Elena Neill

Personal information
- Full name: Elena Joy Neill
- Born: 16 November 1997 (age 28) Basingstoke, England
- Height: 1.80 m (5 ft 11 in)

Sport
- Sport: Field hockey
- Position: Defender

Youth career
- Years: Team
- 2008–2016: St Gerard's School

Senior career
- Years: Team / Caps / Goals
- 2014–2016: Loreto / - / -
- 2016–: UCD Ladies / - / -

National team
- Years: Team / Caps / Goals
- 2015–: Ireland / 71+ / -

Medal record
FIH World Cup
| Silver medal – second place | 2018 London |  |
FIH Nations Cup
| Silver medal – second place | 2023–24 Terrassa |  |

= Elena Neill =

Irish sportswoman

Elena Joy Neill (née Tice, born 16 November 1997), also referred to as Lena Tice, is an Ireland women's field hockey international.
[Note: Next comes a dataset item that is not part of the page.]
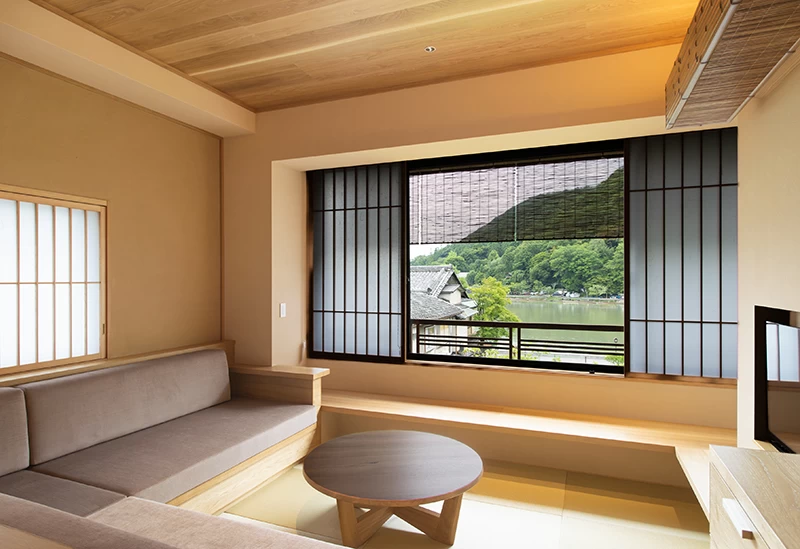 客室には旧暦の月の名前が付けられており、室内には竹を使った調度品が多く使われていて、優雅でおしゃれな雰囲気が漂います。さらに、各部屋をイメージした色で染められた「夢こうろ染」は、太陽の光によって色が変化し、癒やしの空間を作り出します。

She was a member of the Ireland team that played in the 2018 Women's Hockey World Cup final. Tice is also an Ireland women's cricket international. She was a dual Ireland women's cricket and field hockey international by the age of 17. In 2011, she made her senior international cricket debut, aged just 13 years and 272 days. As a result, after Pakistan's Sajjida Shah, Tice became the second youngest player in the history of cricket, male or female, to make their international debut playing in an official One Day International or Twenty20 International. She also represented Ireland at the 2014 ICC Women's World Twenty20. Tice has also won Irish Senior Cup and Women's Irish Hockey League titles with UCD Ladies' Hockey Club.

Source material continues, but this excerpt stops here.